It's important to note the scale of the y-axes here - when I tried putting the comparisons and swaps on the same plot it was pretty much impossible to see the slope of the swaps, even when zoomed way in. Unlike the Bubble Sort, the Selection Sort's swaps have a linear growth instead of a quadratic growth.

Looking at the Swaps

Here's where it might be a little more interesting.

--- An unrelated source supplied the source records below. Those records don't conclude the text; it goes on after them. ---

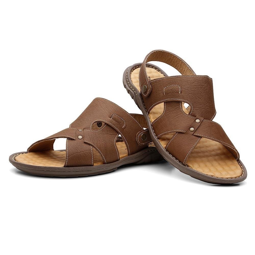 Sandália Casual Masculina Couro Despojada Macia Marrom
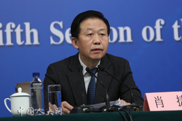 3月7日上午,十二届全国人大五次会议在梅地亚中心举行记者会,财政部部长肖捷、财政部部长助理戴柏华就“财政工作和财税改革”的相关问题回答中外记者的提问。图为财政部部长肖捷。中国人大网 罗荣 摄
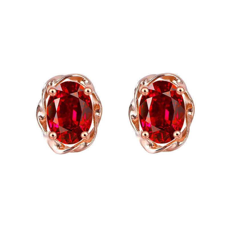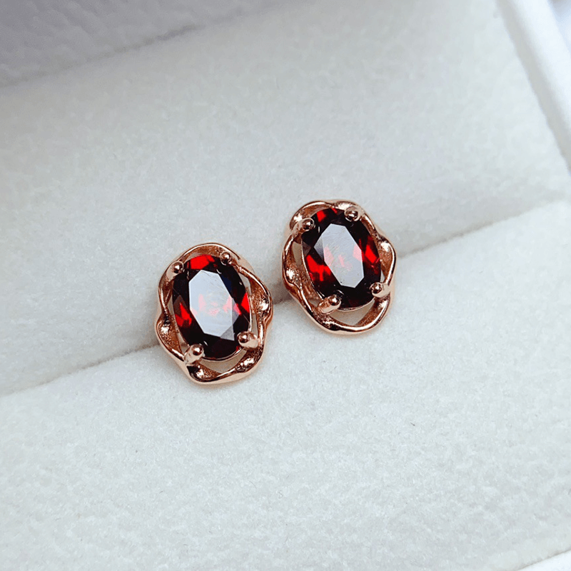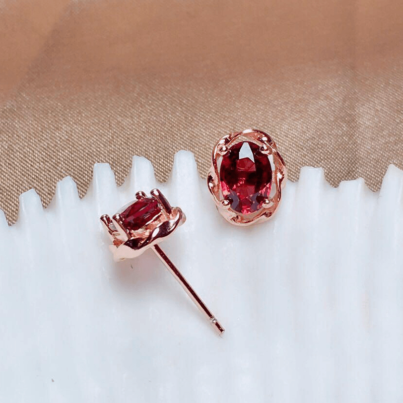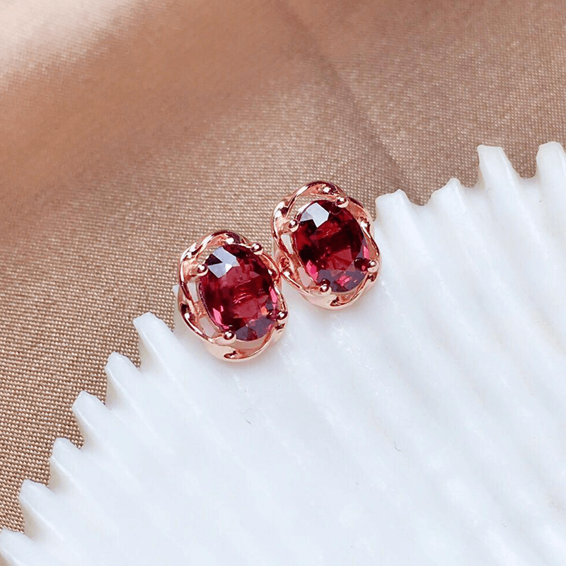 Oval Garnet Stud Flowing Year Design Birthstone Earrings
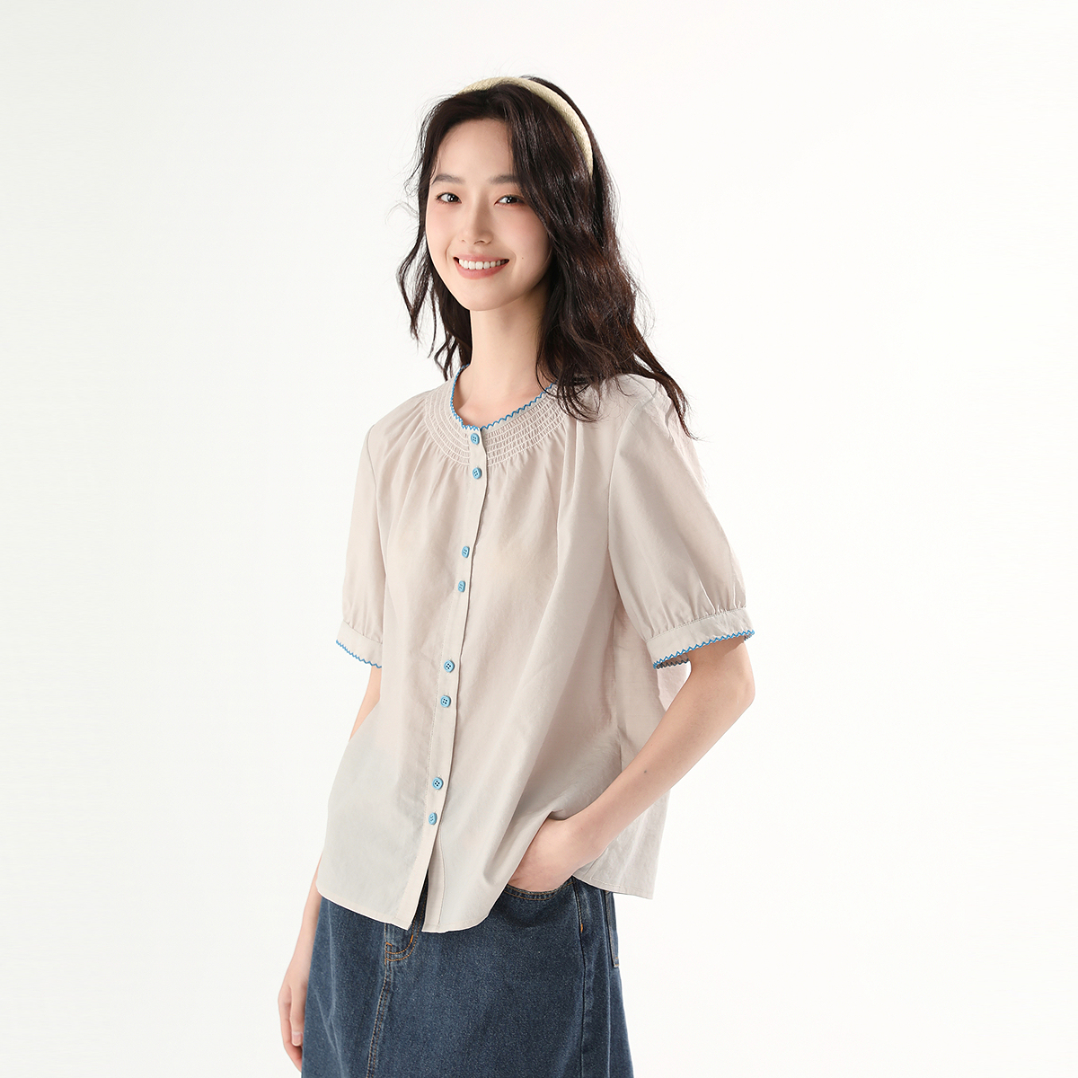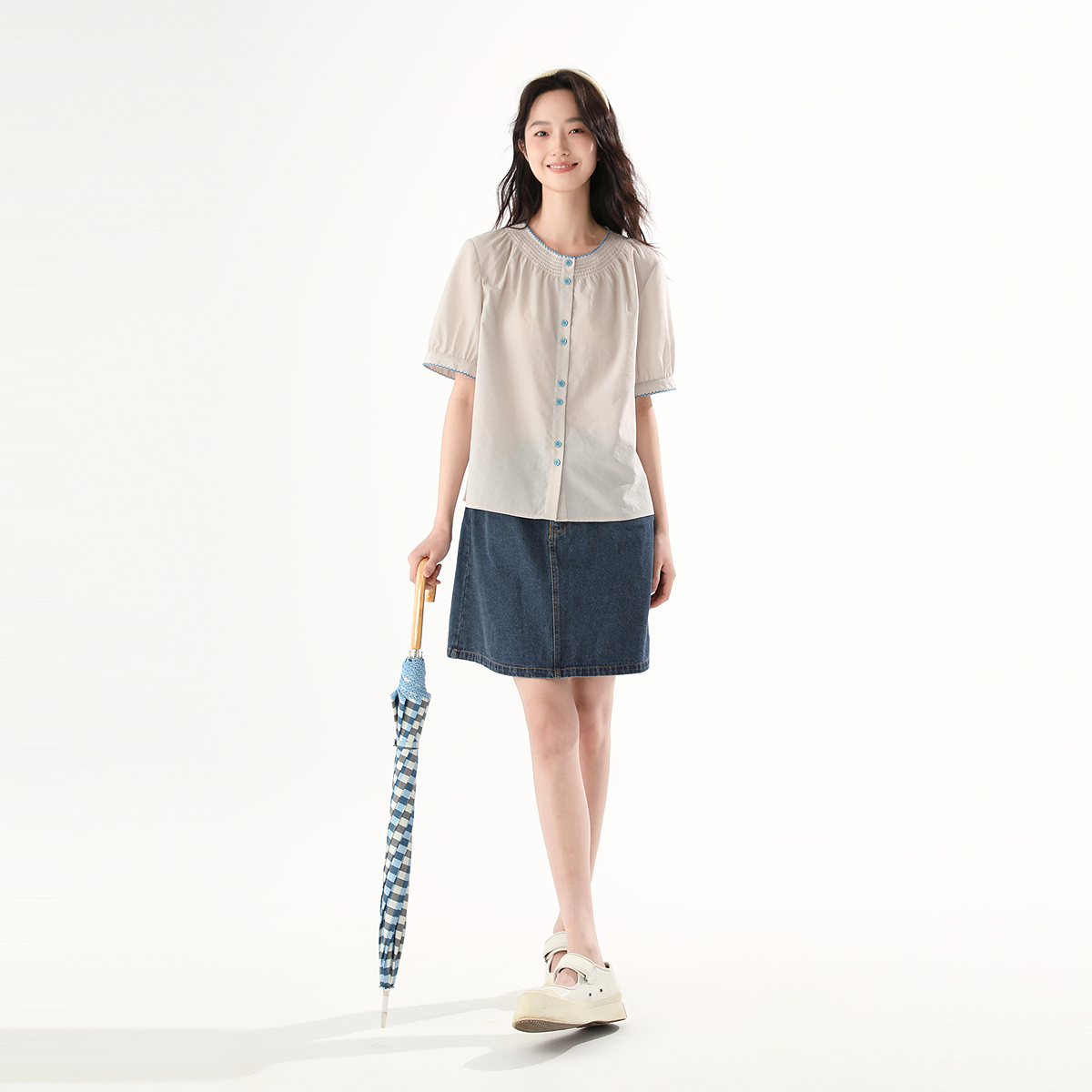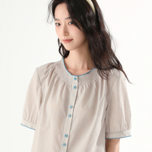 女装 时尚 短款 显瘦撞色气质短袖 飞鸟和新酒2025夏季 圆领小衫 新款
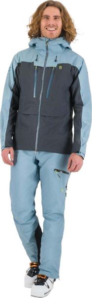 "Wind and waterproof men's jacket for ski tours, made from recycled material with an adjustable hood and high breathability."
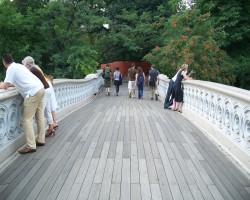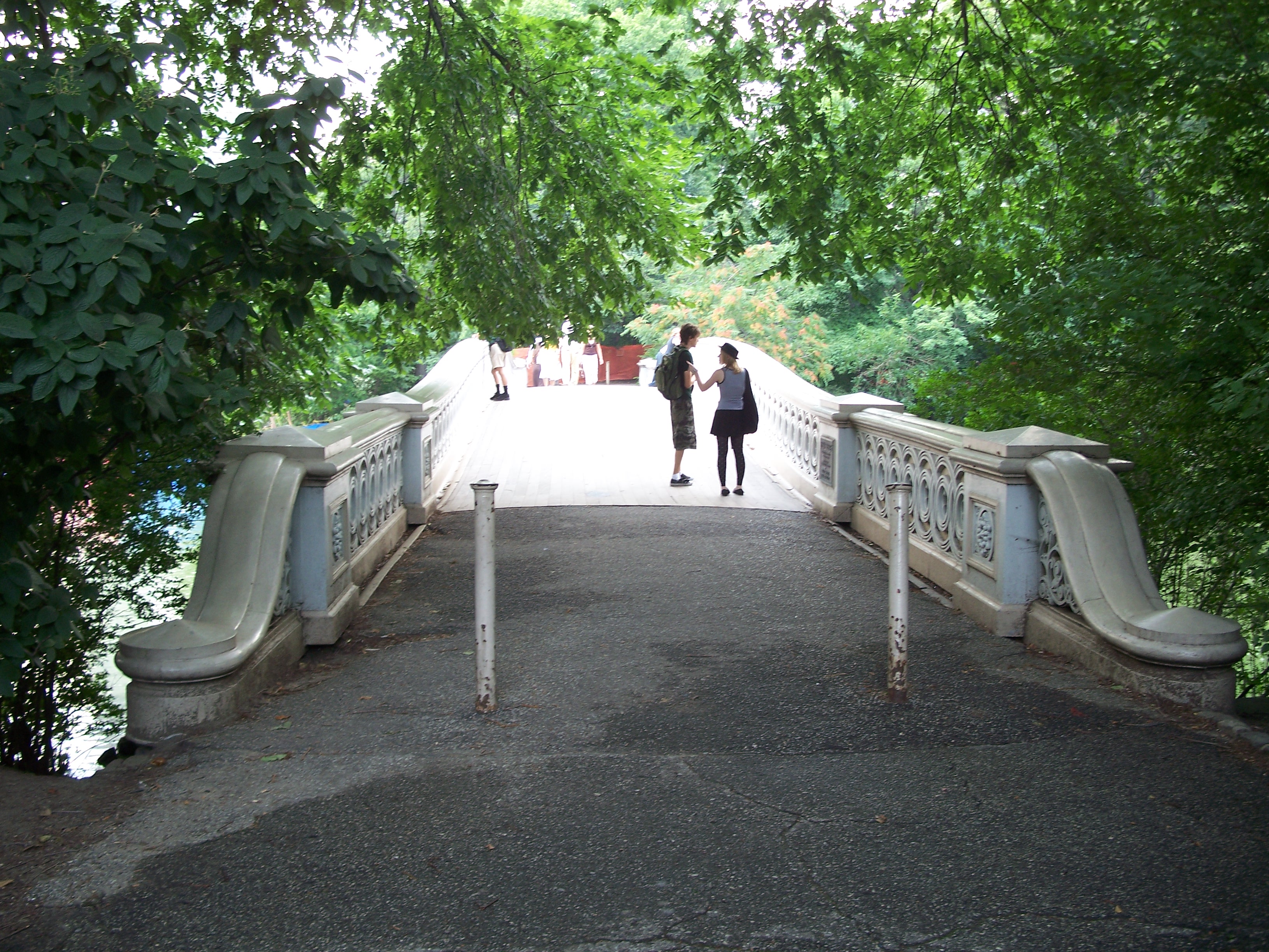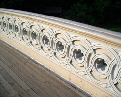 One of the most popular and often photographed bridges in the park. One of the original seven cast iron bridges built in the park between 1859 and 1875. The bridge was renovated in 1974 and 1998. The railing features Gothic cinquefoils and interlaced spiral designs. Cannonballs are set in the base of the north end of the bridge to allow temperature expansion.
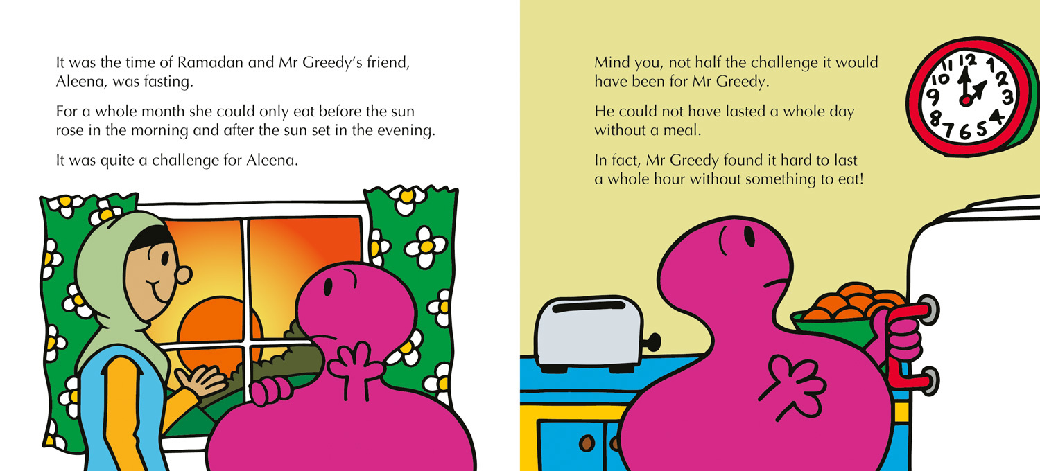 The perfect opportunity for Little Miss Splendid to wear her most splendid hat and for Mr Greedy to wear his biggest napkin! Mr Men and Little Miss Celebrations introduce children to all the exciting occasions that people celebrate including birthdays, Christmas, Halloween, Easter, Chinese New Year, Diwali and now Eid.

We can do the same exercise we did with the bubble sort and plot the actual swaps to see if we can see the sorting in action.

def selection_swaps(elements: Sortable) -> Swaps:
    """Keeps track of the element indexes as they are swapped

    Args:
     elements: list of orderable elements

    Returns:
     dict mapping element to list of indices where it was in the elements list
    """
    swaps = {element: [index] for index, element in enumerate(elements)}

    number_of_elements = len(elements)

    for start_of_unselected in range(number_of_elements - 1):
        smallest_unselected = start_of_unselected

        for next_unselected in range(start_of_unselected + 1,
                                     number_of_elements):
            if elements[next_unselected] < elements[smallest_unselected]:
                smallest_unselected = next_unselected

        elements[start_of_unselected], elements[smallest_unselected] = (
            elements[smallest_unselected], elements[start_of_unselected]
        )

        # record the location of the elements
        for index, element in enumerate(elements):
            swaps[element].append(index)
    return swaps

Because we're tracking the swaps with a dict there can't be any repetitions in the inputs, so I'll use python instead of numpy to make the randomized input since it seems clearer to me.

COUNT = 50

inputs = list(range(COUNT))
shuffle(inputs)
swaps = selection_swaps(inputs)

track_frame = pandas.DataFrame(swaps)
re_indexed = track_frame.reset_index().rename(columns={"index": "Swap"})
melted = re_indexed.melt(var_name="Value To Sort",
                         value_name="Location In Array", id_vars="Swap")
chart = altair.Chart(melted).mark_line().encode(
    x="Swap",
    y="Location In Array",
    color="Value To Sort:O",
    tooltip=["Swap", "Location In Array", "Value To Sort"]
).properties(
    title="Selection Sort Swaps",
    width=800,
    height=525,
).interactive()

save_it(chart, "selection-sort-swaps")

Figure Missing

Since I put in more inputs than I did with the Bubble Sort, the actual swaps aren't so easy to see, here, but the point of this plot is to show the (imaginary) diagonal line running from the bottom left corner up to the upper right. This shows why it's called a "More of the Output" algorithm - with each loop (represented by a "Swap" on the X-axis) one more sorted item is added to the beginning of the list (the bottom of the chart) from the unsorted part (the section above the imaginary diagonal of the chart) until you end up with a sorted list.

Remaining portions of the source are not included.